Trump need not win a big judgment at trial to achieve a significant strategic edge – inhibiting press criticism during his re-election campaign through the specter of litigation and the ruinous costs of a legal defense.
“I see this as much more political than legal,” said Mark J. Rozell, dean of the Schar School of Policy and Government at George Mason University. “Financially struggling media organizations that face high-level lawsuits and the expense and publicity associated with them may decide that the easier thing to do is be extra cautious and not put themselves in a position of being sued by the president of the United States.”
Chuck Tobin, a veteran Washington-based media lawyer who is representing WJFW, agreed with Rozell.
“This was fired as a warning shot to broadcasters and WJFW is going to stand up for the rights of all broadcasters, especially in a presidential campaign, and continue to provide information to the public about all candidates,” Tobin said.
The super PAC that produced the ad and is responsible for its content is not a defendant. A tiny television station in the sparsely populated northlands of a swing state that was integral to Trump’s 2016 electoral college majority will fight this battle alone.
While many such suits are deemed not to meet the actual malice standard and are dismissed pretrial, attorneys’ fees can easily climb into six figures. Even though broadcasters carry insurance policies for just such a possibility, just paying the deductible and the higher premiums are daunting for cash-strapped media fighting to survive COVID-19 business declines.
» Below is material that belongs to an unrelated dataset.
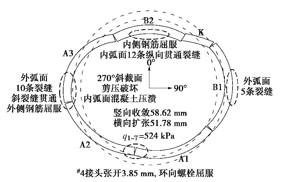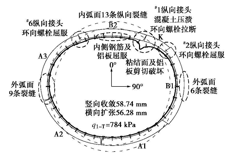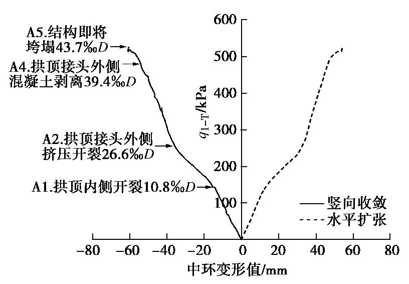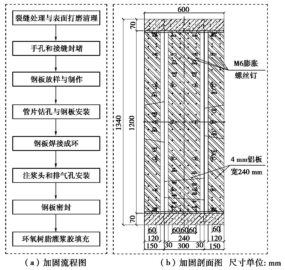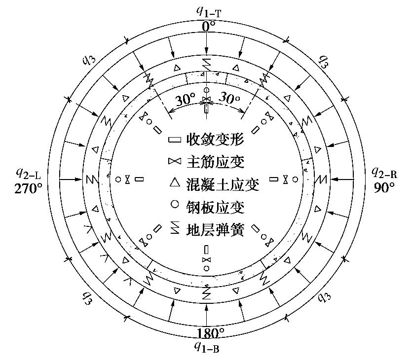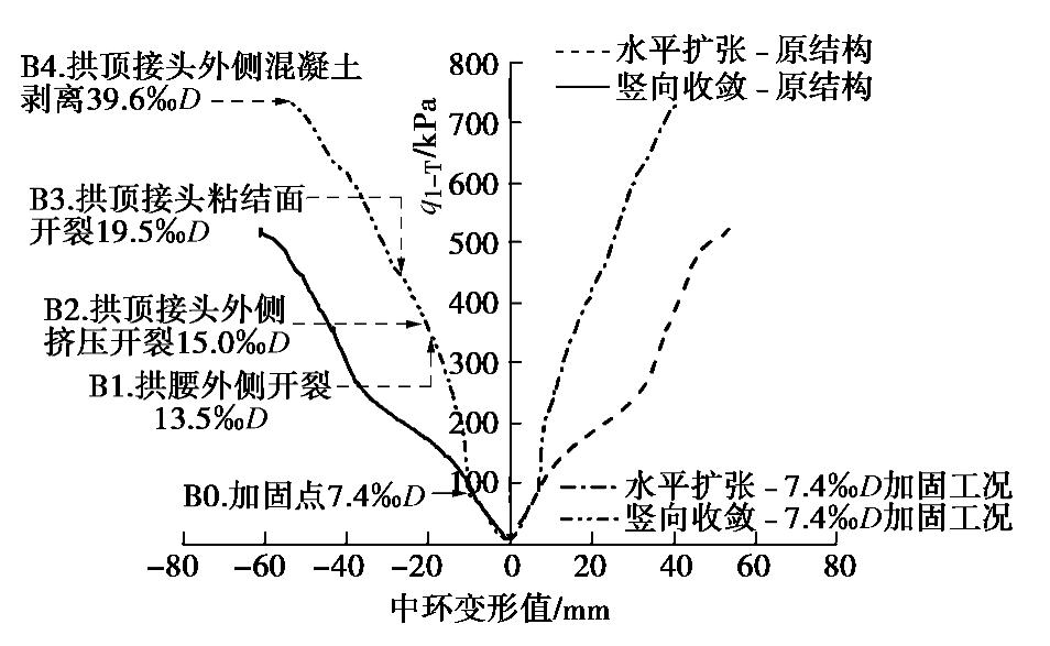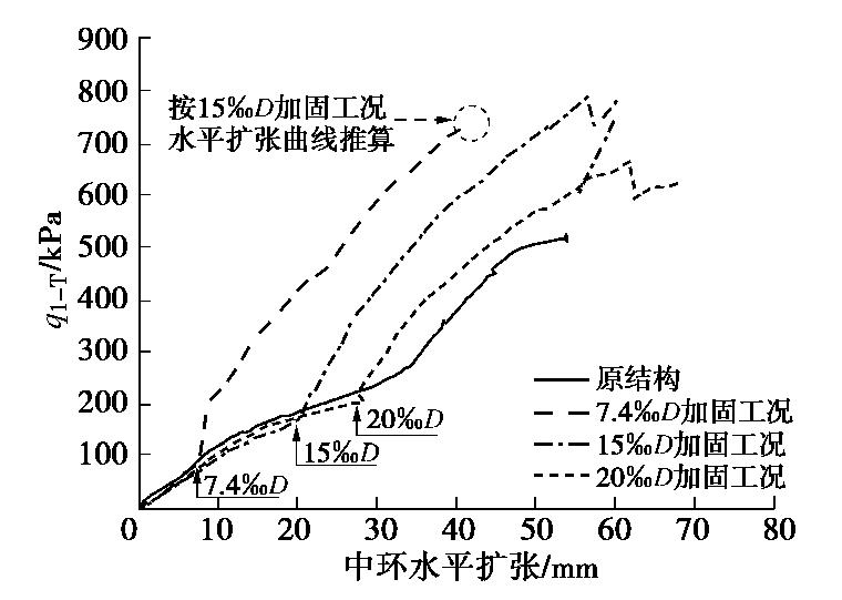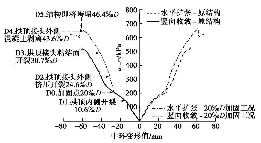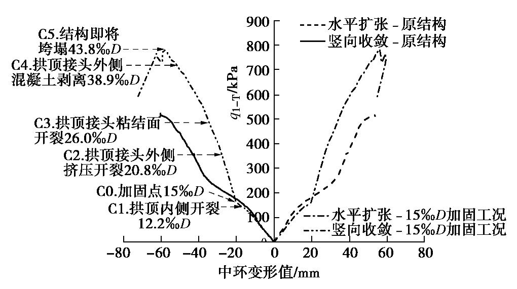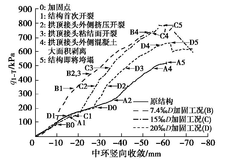 D is the outer diameter of the tunnel), the bonded steel plate reinforcement is adopted for the tunnel structure. Compared with the original structure, the failure loads of the structure reinforced by the bonded steel plates increase by 54.2%, 49.6% and 26.7% respectively, the vertical deformation at structural instability is 60.78, 58.74 and 62.15 mm respectively, and the horizontal deformation at structural instability is 48.46, 56.28 and 61.68 mm respectively, indicating that the bonded steel plate reinforcement can improve the structural bearing capacity, and it has no great influence on the unstable displacement, thus providing a basis for judging the structural service performance based on the displacement change. (2) It is more reasonable to use as the reinforcement time when the structural deformation is between 10‰

“This was clearly meant to have a chilling effect on the broadcast community. They want broadcasters to be afraid to take political advertising,” Tobin said of the lawsuit.
Until a few years ago, litigation against small-town media would have been deemed a waste of a sitting president’s time and beneath the dignity of the office.
Turns out the new rules of politics are the oldest of them all: the law of the jungle.